- **AIM OF THE TASK**
Line for line, return the data exactly, omitting all pictures.

(Data extracted from a collection)
------------------------
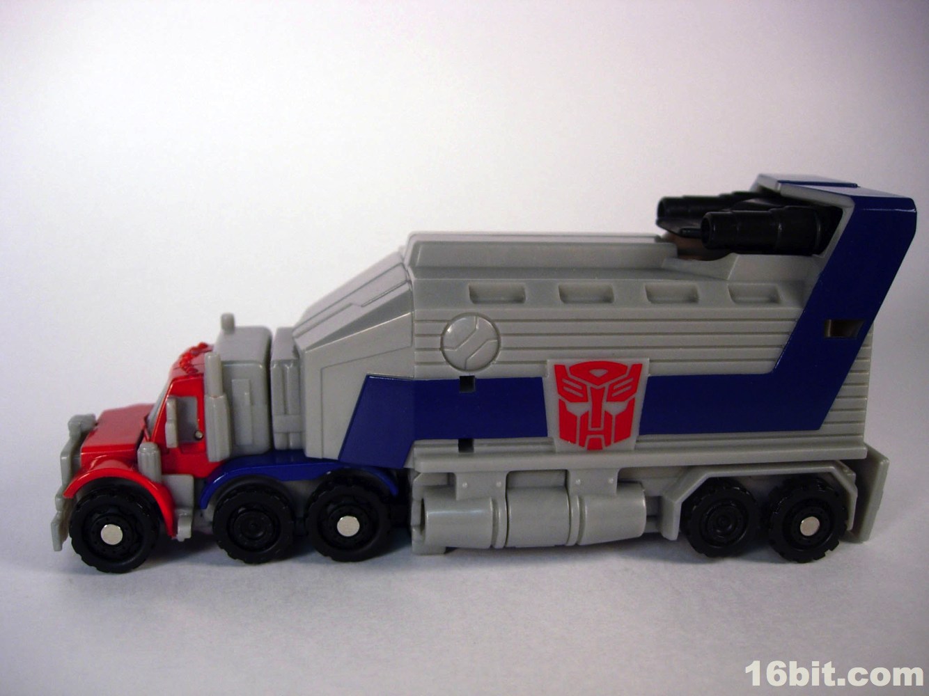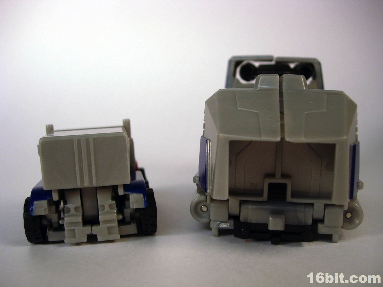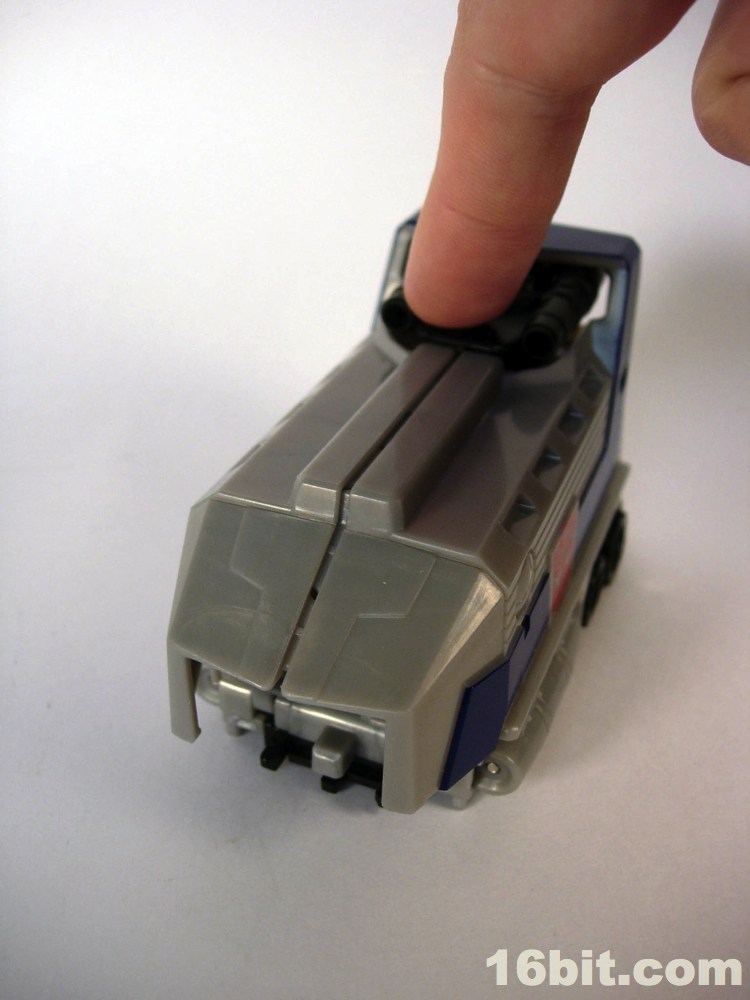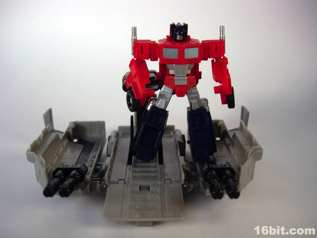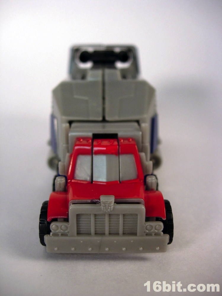 If you like minifigures, this thing is some sort of gift from the heavens. If you open and play with your toys, this is worth picking up. Optimus is a super-deformed long-nosed cab, similar to the appearance of the character in Transformers: Armada from around 2002. He has rolling wheels and a spring-loaded transformation which is activated by a spring-loaded trigger in his bumper. Hasbro says the auto-transformation is best activated by crashing the toy into another one, but this could result in wear-and-tear on the plastic or paint... so you can also push it gently and the little 2-inch dude springs right up. As a robot, he has no meaningful articulation-- the arms stick out, and he just kinda stands there.
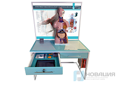 Реалистичная модель туловища оснащается сменной имитацией внутренних органов. На манекен устанавливается метка дополненной реальности.
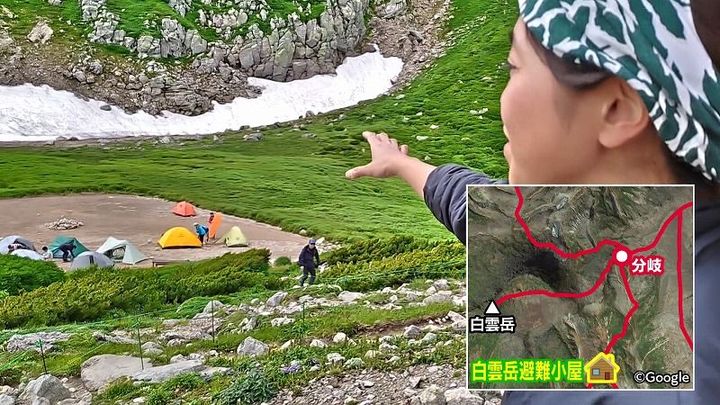 白雲岳避難小屋の管理人・田村萌さんは、テント場で、「雪渓の下に水たまりがあるが、横の斜面から現れたり…」と指さします。
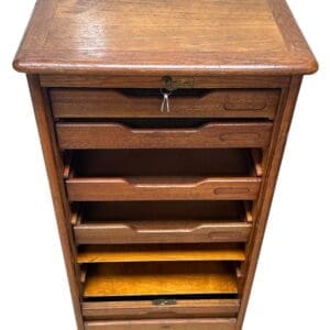 THB14118 Abbess filing cabinet tambour roller door with paperwork drawers and shelves inside oak x 1
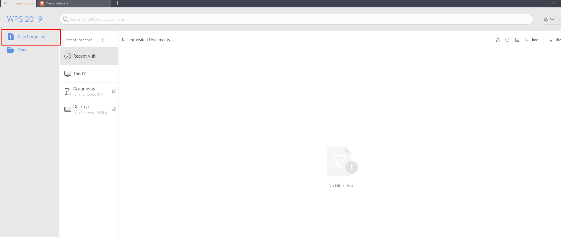 WPS Presentation을 실행시켜 [New Document]를 클릭하면
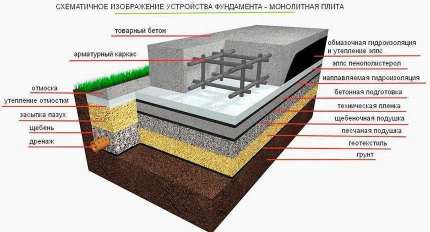 При строительстве фундамента в виде монолитной железобетонной плиты в обязательном порядке предусматривается устройство гидроизоляции и подушки из утрамбованного песка, который будет также компенсировать изменения объема грунта на вашем участке.
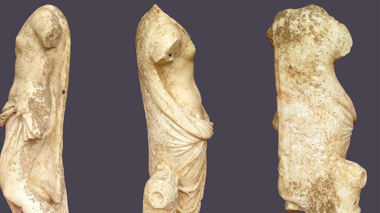 Açıklamaya göre; proje dahilinde Akropolis’te yer alan 'İki Katlı Dükkânlar – Stoa Kompleksi'ndeki 14'üncü dükkanda yürütülen kazılar sırasında, mekan içinde bulunan dükkan tezgahının önünde ve arkasında, taban seviyesinde iki adet küçük boyutlu Zeus ve Aphrodite heykelleri keşfedildi. Roma İmparatorluk Dönemi’nin erken safhasına ait olan ve günümüzden yaklaşık 2000 yıl önce yapılan heykeller, büyük oranda iyi korunmuş durumda. Aphrodite heykeli, yarı giyimli ve ayakta betimlenmiş olup, bir eliyle mantosunu tutarken, sağ ayağının hemen bitişiğinde imparator zırhı görünümünde bir destek bulunuyor.
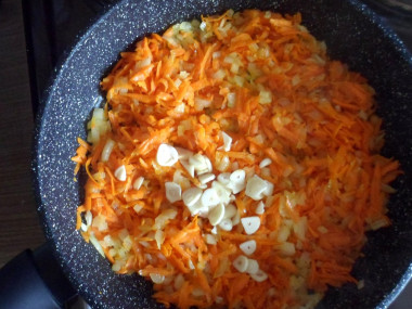 Морковку измельчите на средней тёрке. Чеснок пропустите через пресс или нарубите мелко ножом, это по желанию.
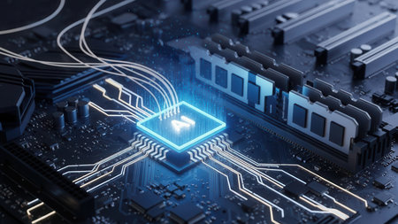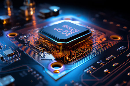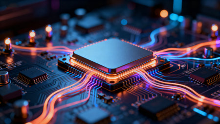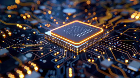 A detailed scene featuring a futuristic microprocessor positioned on a circuit board, highlighted by glowing connections that symbolize advanced technology and innovation.
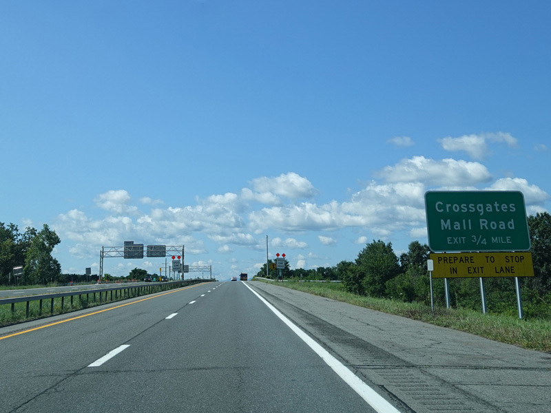 There is a short section of the Northway with no signed route number south of where I-87 splits off at exit 1W to follow the New York Thruway. After an exit for Crossgates Mall Road, it ends at a traffic light at Western Avenue (US 20). Turn left to go east or right to go west.
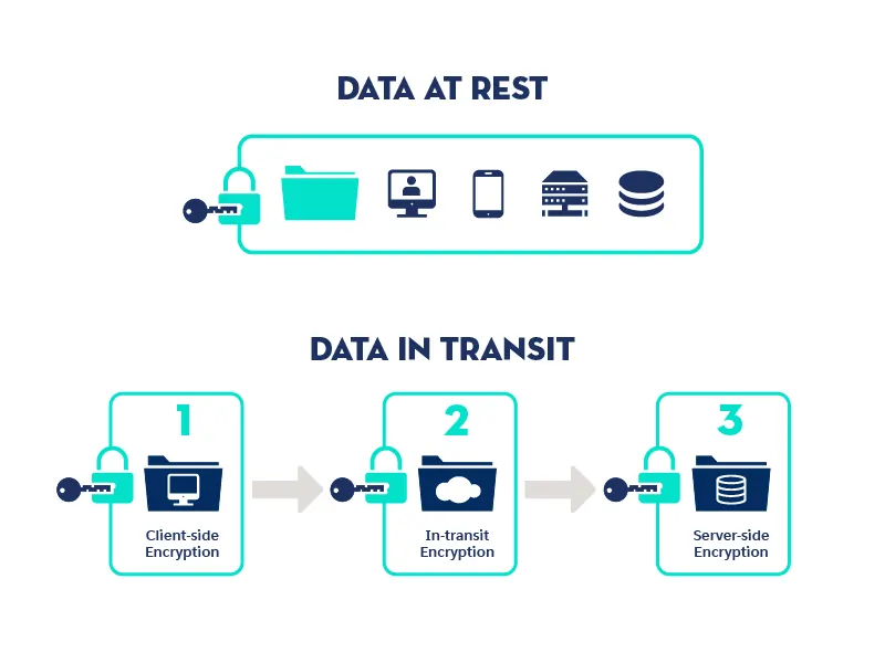 Most data security issues affect data in transit (during communication) or at rest (in storage). Data encryption ensures that the data is unreadable by unauthorized users.
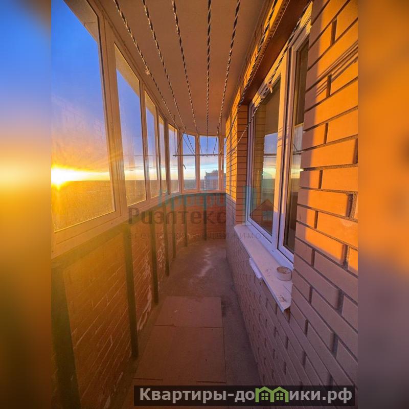 Широкий застекленный балкон с выходом из кухни.
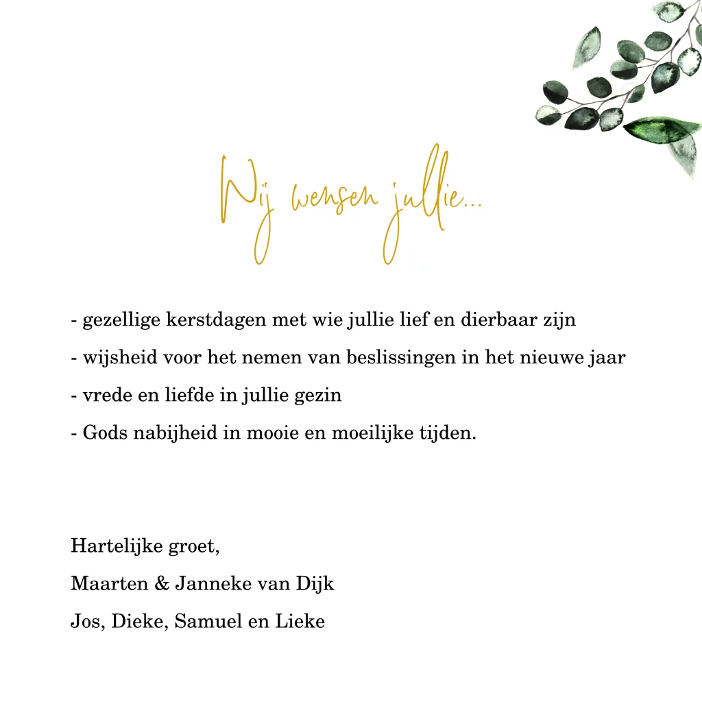 Op deze christelijke kerstkaart wordt in goudfolie gedrukt: Glory tot the king of kings. Op de binnenzijde kun je zelf thuis een tekst schrijven. Liever een voorgedrukte tekst? Voeg in de editor tekst toe.
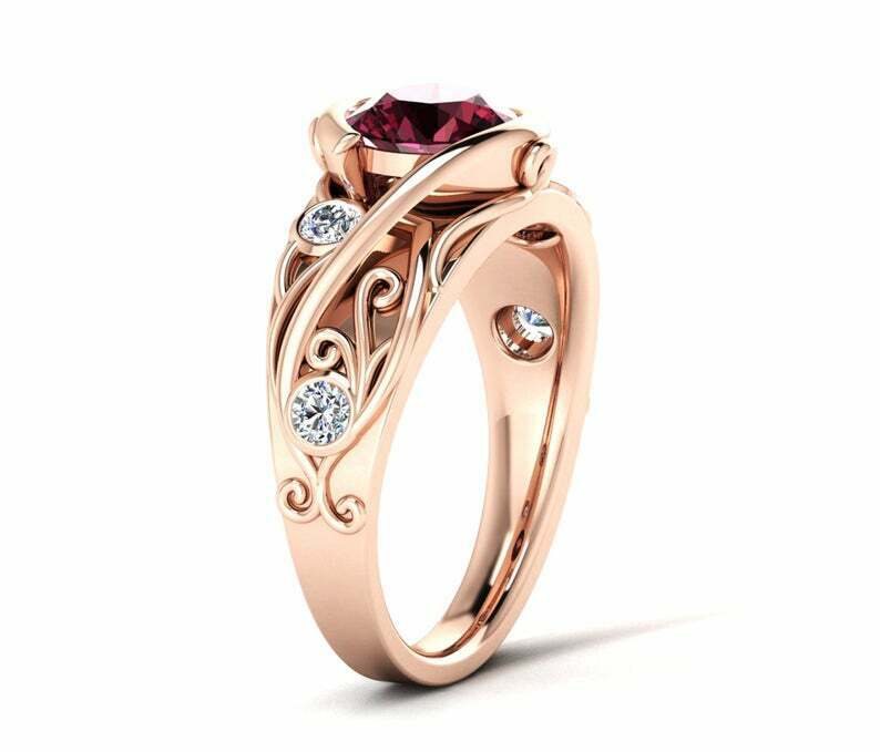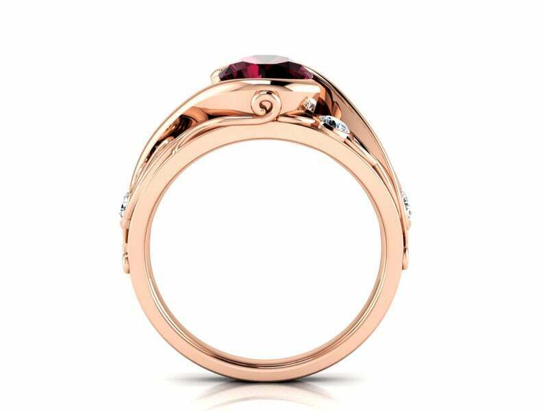 2ct Round Cut Red Garnet Leaf Vine Solitaire Round Accent Ring 14k Rose Gold Over
------------------------
- **EXERCISE SOLUTION**
 If you like minifigures, this thing is some sort of gift from the heavens. If you open and play with your toys, this is worth picking up. Optimus is a super-deformed long-nosed cab, similar to the appearance of the character in Transformers: Armada from around 2002. He has rolling wheels and a spring-loaded transformation which is activated by a spring-loaded trigger in his bumper. Hasbro says the auto-transformation is best activated by crashing the toy into another one, but this could result in wear-and-tear on the plastic or paint... so you can also push it gently and the little 2-inch dude springs right up. As a robot, he has no meaningful articulation-- the arms stick out, and he just kinda stands there.
 Реалистичная модель туловища оснащается сменной имитацией внутренних органов. На манекен устанавливается метка дополненной реальности.
 白雲岳避難小屋の管理人・田村萌さんは、テント場で、「雪渓の下に水たまりがあるが、横の斜面から現れたり…」と指さします。
 THB14118 Abbess filing cabinet tambour roller door with paperwork drawers and shelves inside oak x 1
 WPS Presentation을 실행시켜 [New Document]를 클릭하면
 При строительстве фундамента в виде монолитной железобетонной плиты в обязательном порядке предусматривается устройство гидроизоляции и подушки из утрамбованного песка, который будет также компенсировать изменения объема грунта на вашем участке.
 Açıklamaya göre; proje dahilinde Akropolis’te yer alan 'İki Katlı Dükkânlar – Stoa Kompleksi'ndeki 14'üncü dükkanda yürütülen kazılar sırasında, mekan içinde bulunan dükkan tezgahının önünde ve arkasında, taban seviyesinde iki adet küçük boyutlu Zeus ve Aphrodite heykelleri keşfedildi. Roma İmparatorluk Dönemi’nin erken safhasına ait olan ve günümüzden yaklaşık 2000 yıl önce yapılan heykeller, büyük oranda iyi korunmuş durumda. Aphrodite heykeli, yarı giyimli ve ayakta betimlenmiş olup, bir eliyle mantosunu tutarken, sağ ayağının hemen bitişiğinde imparator zırhı görünümünde bir destek bulunuyor.
 Морковку измельчите на средней тёрке. Чеснок пропустите через пресс или нарубите мелко ножом, это по желанию.
 A detailed scene featuring a futuristic microprocessor positioned on a circuit board, highlighted by glowing connections that symbolize advanced technology and innovation.
 There is a short section of the Northway with no signed route number south of where I-87 splits off at exit 1W to follow the New York Thruway. After an exit for Crossgates Mall Road, it ends at a traffic light at Western Avenue (US 20). Turn left to go east or right to go west.
 Most data security issues affect data in transit (during communication) or at rest (in storage). Data encryption ensures that the data is unreadable by unauthorized users.
 Широкий застекленный балкон с выходом из кухни.
 Op deze christelijke kerstkaart wordt in goudfolie gedrukt: Glory tot the king of kings. Op de binnenzijde kun je zelf thuis een tekst schrijven. Liever een voorgedrukte tekst? Voeg in de editor tekst toe.
 2ct Round Cut Red Garnet Leaf Vine Solitaire Round Accent Ring 14k Rose Gold Over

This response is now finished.